Focus of the Current Review

Associations between CR and levels of AD neuropathology have consistently shown that individuals with higher CR are able to endure greater levels of neuropathology than individuals with low CR before cognitive deficits or clinical impairment become apparent (Bartres-Faz & Arenaza-Urquijo, 2011; Hoenig et al., 2017; Menardi et al., 2018; Rentz et al., 2017; Stern, 2009; Stern et al., 2020). However, when studying incident dementia, many researchers investigating the effect of CR on risk of dementia progression do not include measures of neuropathology in their assessment, thereby limiting a thorough test of the CR hypothesis (Stern et al., 2020).
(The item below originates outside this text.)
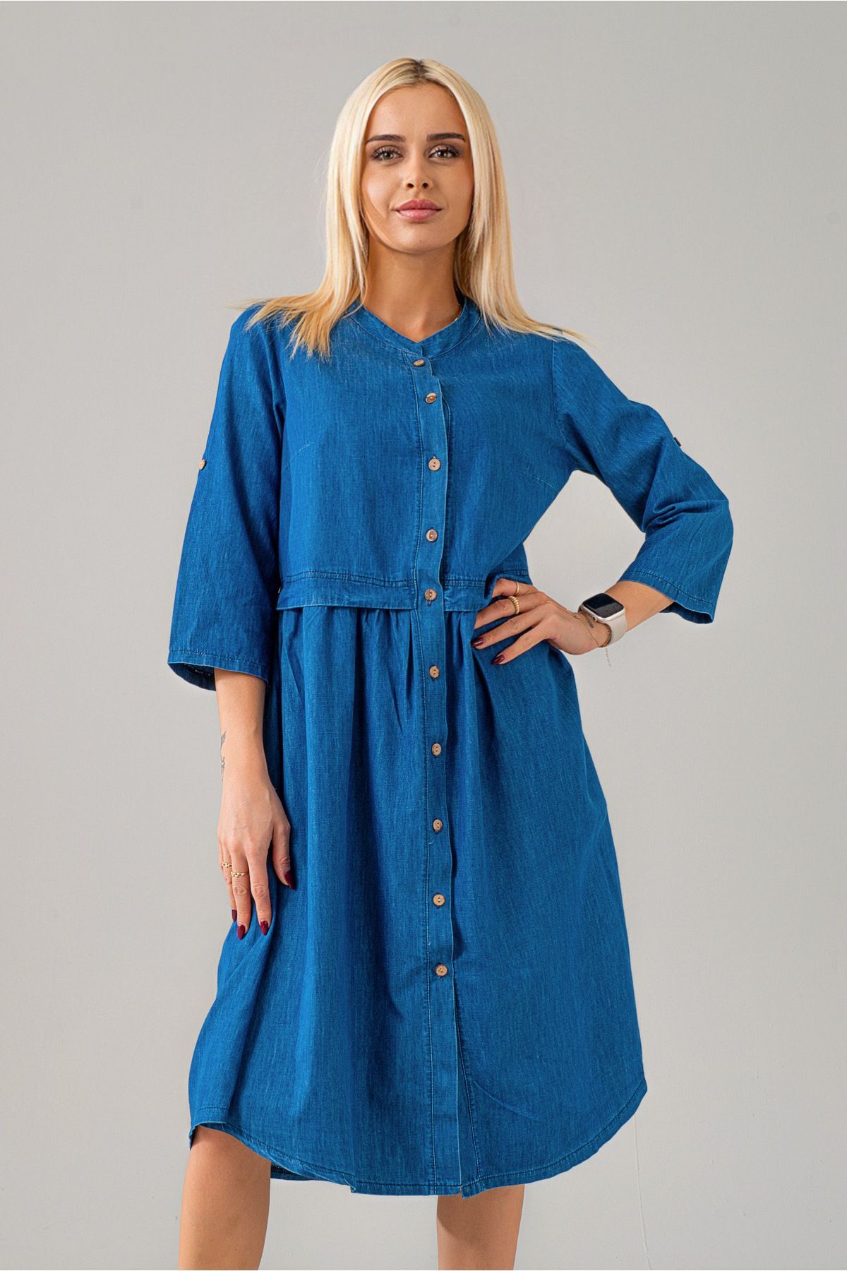 Kadın İndigo Yarım Pat Düğmeli Kolsuz Hakim Yaka Cepli İnce Kot Elbise Kadın İndigo Yarım Pat Düğmeli Kolsuz Hakim Yaka Cepli İnce Kot Elbise 4275 3XL

Although a recent review assessed prospective longitudinal studies to describe the associations between CR, AD biomarkers, and cognitive/clinical outcomes in participants who were cognitively normal at baseline (i.e., preclinical AD-dementia) (Soldan et al. 2018), their focus on how CR was related to multiple outcomes including onset of clinical symptoms of MCI, changes in cognition, and changes in AD biomarkers, precluded a quantitative examination and limited conclusions regarding the effect of CR on dementia progression.
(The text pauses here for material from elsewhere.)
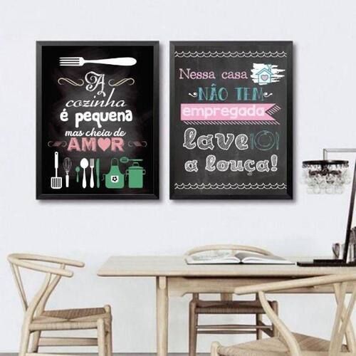 Kit 2 quadros cozinha pequena - lave a louça 45x34cm - com vidro Moldura: madeira branca Informações do produto tire todas as suas dúvidas no descritivo abaixo: decoração para quarto, sala, cozinha, escritório, área gourmet e muito mais. Chega de paredes vazias medidas - cada peça tem 45x34cm a3 . Material do papel - papel fotográfico brilhante de altíssima resolução acabamento - todos os quadros são acompanhados de vidro para proteção da imagem. - moldura em madeira maciça na cor preta ou branca conforme produto escolhido e pendurador . - os quadros são embalados de forma segura com plástico bolha com camada dupla de acordo com o tamanho dos quadros. Garantia - garantia de 3 meses. Meu quadro chegou. Como posso fixá-lo Você precisa apenas de um martelo e um prego, pois os quadros já vão acompanhados de penduradores. Esta é a forma mais indicada. Como posso limpar meu quadro A limpeza é feita como um móvel comum da sua casa. Apenas um pano seco ou espanador são suficientes para tal

To adequately assess the CR hypothesis, we identified longitudinal cohort studies through a systematic review and meta-analysis to assess the extent to which CR is protective against incident MCI or dementia after controlling for AD-related structural pathology and biomarkers. A second goal was to examine whether operationalizations of CR (residual of cognition after accounting for neuropathology vs. CR proxies like education or occupation) yield different outcomes in terms of the CR-incident dementia relationship. To operationalize CR, we chose to focus on composite proxies of CR rather than single indicators. CR is an abstract concept that inherently involves multiple factors. Therefore, composite proxies are likely a better representation of CR than single factors. We hypothesized that CR would protect against dementia progression controlling for AD-related structural pathology and biomarkers. Further, based on some previous research (Reed et al., 2010; Zahodne et al., 2013), we expected that residual variance may be more strongly related to dementia incidence than CR measured with a composite of common proxies.


Literature Search

Embase, PsycINFO, PubMed, and Web of Science were searched for relevant articles through February 2020. An updated search in September 2020 identified no additional relevant studies. Database searches included natural language terms searched in the title and abstract (PsycINFO and PubMed), topic (Web of Science; which includes the title, abstract, author keywords, and keywords plus), or the title, abstract, and keywords (Embase). Further, relevant controlled vocabulary for search terms was included where applicable (i.e., Emtree, MeSH terms, and APA Thesaurus of Psychological Index Terms). Natural search terms included the topics of CR, progression, AD-related structural pathology and biomarkers, and mild cognitive impairment or Alzheimer’s disease. These four topics were combined with the AND operator. Each of the four aforementioned topics had a search string that was combined with the OR operator. Where applicable, asterisks were used to generate articles using different forms of relevant words (e.g., progress* would yield both progressing and progression). CR terms included: cognitive reserve, cognitive capacity, brain reserve, neural reserve, brain maintenance, and residual variance. Progression terms included: transition, cognitive decline, cognitive deterioration, progress*, conver*, neurodegeneration, risk, incident, and longitudinal. We use the term progression to indicate a change in diagnosis from cognitively intact or mild impairment to a later diagnostic stage. AD-related structural pathology and biomarkers terms included: magnetic resonance imaging, MRI, grey matter, gray matter, white matter, positron emission tomography, PET, beta amyloid, and tau. Cognitive impairment terms included: mild cognitive impairment, MCI, Alzheimer*, AD, dement*, mild neurocognitive disorder, and major neurocognitive disorder. The full search strategy is available as Supplemental Table 1 in Online Resource 1.

Selection of Studies

Identified studies (N = 1,077) were first assessed for duplicate records. After removing duplicates (n = 452), 625 records were screened for inclusion based on their title and abstract. After excluding articles that did not match the following inclusion and exclusion criteria (n = 524), 61 articles were then assessed by full text review. Articles were included if they were published in English, had a longitudinal study design investigating risk of progression to incident dementia (either MCI, AD-dementia, or all-cause dementia), included a measure of CR (either residual variance or composite proxy), included a structural (volumetric) measure of the brain that could index AD-related structural pathology (e.g., total gray matter, hippocampus) or AD-related biomarkers (i.e., Aβ, tau), and reported hazard ratios (HRs) to be included in our meta-analysis.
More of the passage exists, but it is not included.